Kelainan ini akibat dari tekanan massa tumor atau sekresi protein atau sitokin oleh sel
tumor, atau sel-sel dari produk tumor.
Pada pemriksaan fisik biasanya tidak ditemukan kelainan spesifik. Kadang
kadang terdapat nyeri local bagian-bagian tulang. Panjang tubuh penderita MM yang
lanjut dapat banyak menurun karena infraksi vertebra.

1. Nyeri ; terutama nyeri tulang-tulang karena fraktur kompresi pada tempat


osteopenia atau karena lesi litik tulang, biasanya tulang punggung. Keadaan ini
disebabkan oleh aktivitas yang berlebihan dari faktor pengaktif osteoklast (OAF) seperti
IL1-, TNF- dan atau LI-6. Faktor-faktor ini juga menghambat aktivitas osteoblastik
kompenstori.
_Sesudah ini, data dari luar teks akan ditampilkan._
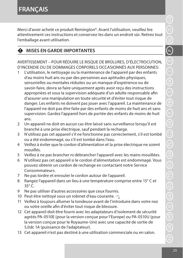 1 L'utilisation, le nettoyage ou la maintenance de l'appareil par des enfants d'au moins huit ans ou par des personnes aux aptitudes physiques, sensorielles ou mentales réduites ou un manque d'expérience ou de savoir-faire, devra se faire uniquement après avoir reçu des instructions appropriées et sous la supervision ajustée d'un adulte responsable afin d'assurer une manipulation en toute sécurité et d'éviter tout risque de danger. Les enfants ne doivent pas jouer avec l'appareil. La maintenance de l'appareil ne doit pas être faite par des enfants de moins de huit ans et sans supervision. Gardez l'appareil hors de portée des enfants de moins huit ans. 2 Un appareil ne doit en aucun cas être laissé sans surveillance lorsqu'il est branché à une prise électrique, sauf pendant la recharge. 3 N'utilisez pas cet appareil s'il ne fonctionne pas correctement, s'il est tombé ou a été endommagé, ou s'il est tombé dans l'eau. 4 Veillez à éviter que le cordon d'alimentation et la prise électrique ne soient mouillés. 5 Veillez à ne pas brancher ni débrancher l'appareil avec les mains mouillées. 6 N'utilisez pas cet appareil si le cordon d'alimentation est endommagé. Vous pouvez obtenir un cordon de rechange en contactant notre Service Consommateurs. 7 Ne pas tordre et enrouler le cordon autour de l'appareil. 8 Rangez l'appareil dans un lieu à une température comprise entre 15°C et 35°C. 9 Ne pas utiliser d'autres accessoires que ceux fournis. 10 Peut être nettoyé sous un robinet d'eau courante. 11 Veillez à toujours allumer la tondeuse avant de l'introduire dans votre nez ou votre oreille afin d'éviter tout risque de blessure. 12 Cet appareil doit être fourni avec les adaptateurs d'isolement de sécurité à la version où le Royaume-Uni a une capacité de sortie de 5,0dc 1A (puissance de l'adaptateur). 13 Cet appareil n'est pas destiné à une utilisation commerciale ou en salon.

Nyeri local dapat juga disebabkan oleh tekanan tumor pada medulla
spinalis dan saraf-saraf yang keluar dari medulla spinalis.

2. Gejala anemia : letargi, kelemahan, dispnea, pucat, takikardi, dst.
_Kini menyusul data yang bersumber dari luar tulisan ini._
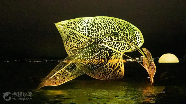 千岛湖“月光之恋”光影艺术夜游位于千岛湖中心湖区月光岛,由“心园、系园、情园、梦园”四座小岛组成,是一个极具浪漫气息和人文底蕴的景区,是一部“赏月、追月,逐梦、圆梦”的夜游盛宴。“月光之恋”包括“主题光影秀”与“国际光影艺术节双年展”两大区块。2024第二届千岛湖国际光影艺术双年展,以“光的姿态”为主题。此次双年展,不仅仅考虑到艺术形态,更加倾向于关注当下消费者尤其年轻人的消费需求,融入了较强旅游属性,较一届双年展更具科技感、情怀和交互性,注重游客口碑。二届双年展在来自全球8个国家215件作品中,精选11件作品在月光岛呈现,崔健老师的作品“外面的妞” 、湖光宙合很具科技感,回溯、镜花缘、乘风破浪、千岛与湖的对白、逍遥游、山水鸟鸣作品都具备一定的情怀和交互感。 作品介绍:《回溯》:艺术家纪思钰作品,位于锁展馆沙湾,形似碟片,色彩斑斓,有历史感与情怀;游客可通过岸上的交互装置控制光线流动,内外分四层,由四个按钮控制,每一层对应一首老歌,不停于过去、不惮于现状、不惑于未来。《光年传输》:以色列/中国艺术家齐夫·泽夫·科恩、李⼼夷作品,位于放肆咖啡上侧通道两侧。作品从千百年来描写淳安县的古诗词中汲取灵感,通过操控光和感光材料,⽤现代科技对诗词进⾏解码,来呈现我们对古诗的新解读。《湖光宙合》:艺术家胡沂佳作品,位于鱼乐桥,作品创作灵感来自于《管子·宙合》:“天地,万物之橐,宙合,有橐天地。”整体造型以万向轴的特殊构造,使得中心发光体旋转任意角度,都能保持平衡与稳定。游客通过陀螺仪的交互,体验湖光黑洞空间的光影虚实幻象。《外面的妞》:中国摇滚之父、艺术家崔健作品,位于幸运桥,极具科技感,飞碟造型,感受未知,感受奇遇。《时光之勾》:艺术家刘舸帆作品,位于幸运桥,穿破云层的时光之勾,勾中人间琐事,勾起回忆,游客可打卡留念,有愿者上钩的寓意。《千岛与湖的对白》:艺术家李靖康作品,位于幸运桥,一条语音发送给湖面,湖面给予一条回复,是千岛湖为世人答惑解疑。《舞动的叶子》:保加利亚艺术家米哈埃拉·卡梅诺娃作品,位于幸运桥,充满活力和诗意,作品以三片截然不同的叶子为特色,每片叶子都代表着不同的降落阶段,可通过互动变色。《逍遥游》:艺术家刘佳婧、刘子槐作品,位于幸运桥,浮于水面的偏振光片,透过岸上设置的观景窗或水面倒影,观众才能看到偏振光片所携带的信息。《镜花缘》:艺术家陈惠松作品,位于幸运桥中,红花元素契合爱情与状元主题。花瓣层叠,与水中的倒影形成一朵完整的鲜花。花朵中央的激光灯,犹如花蕊般挺立。平台上的月镜控制台通过手指拨动光线,调节花朵中的紫光灯照射,令喷涂了夜光漆的湖中花朵发生变色。《山水鸟鸣》:艺术家武定宇、邢奇、李尊豪、赵亮、王瑞珠作品,位于幸运桥,将光影与自然两大元素巧妙融合,通过吹鸟笛产生声普触发光影变化,仿佛与真实的鸟叫声形成了呼应。《乘风破浪》:艺术家李娜作品,位于幸运桥尾,在幸运桥设置两辆独轮车,只需登骑,便能激活湖中设置的喷水装置,仿佛在湖面上乘风破浪。

3. Infeksi berulang ; ini berkaitan dengan kekurangan produksi antibody, dan pada
penyakit lanjut karena neutropenia.
4. Nefropati ; fungsi ginjal terganggu bila kapasitas absorpsi dari rantai berat haus
(lelah) yang akan menyebabkan nefritis interstisial dengan rantai berat. Penyebab kedua
nefropati adalah adalah hiperkalsemia dengan hiperkalsiuria, yang menyebabkan
azotemia prarenal. Hiperkalsemia dapat menyebabkan penimbunan di tubulus renal,
yang juga menyebabkan nefritis interstisial. Penyebab lain gagal ginjal pada MM adalah
seringnya menggunakan anti inflamasi nonsteroid untuk mengatasi nyeri pada MM.
5. Kecenderungan perdarahan abnormal ; protein myeloma mengganggu fungsi
trombosit dan faktor pembekuan. Trombositopenia terdapat pada penyakit lanjut.

6. Sindrom hiperviskositas terjadi pada kurang lebih 10% pasien MM dimana


viskositas plasama sudah 4 kali viskositas plasma normal yang menyebabkan kelainan
pada sirkulasi sehingga mengakibatkan disfungsi organ serebral, paru, ginjal, mata dan
organ-organ lain, biasanya berupa thrombosis dengan purpura, perdarahan, kelainan
penglihatan, gejala SSP dan neuropati, dan payah jantung. Ini diakibatkan polimerasasi
immunoglobulin abnormal dan agak khusus terjadi bila ini igA, igM atau igD.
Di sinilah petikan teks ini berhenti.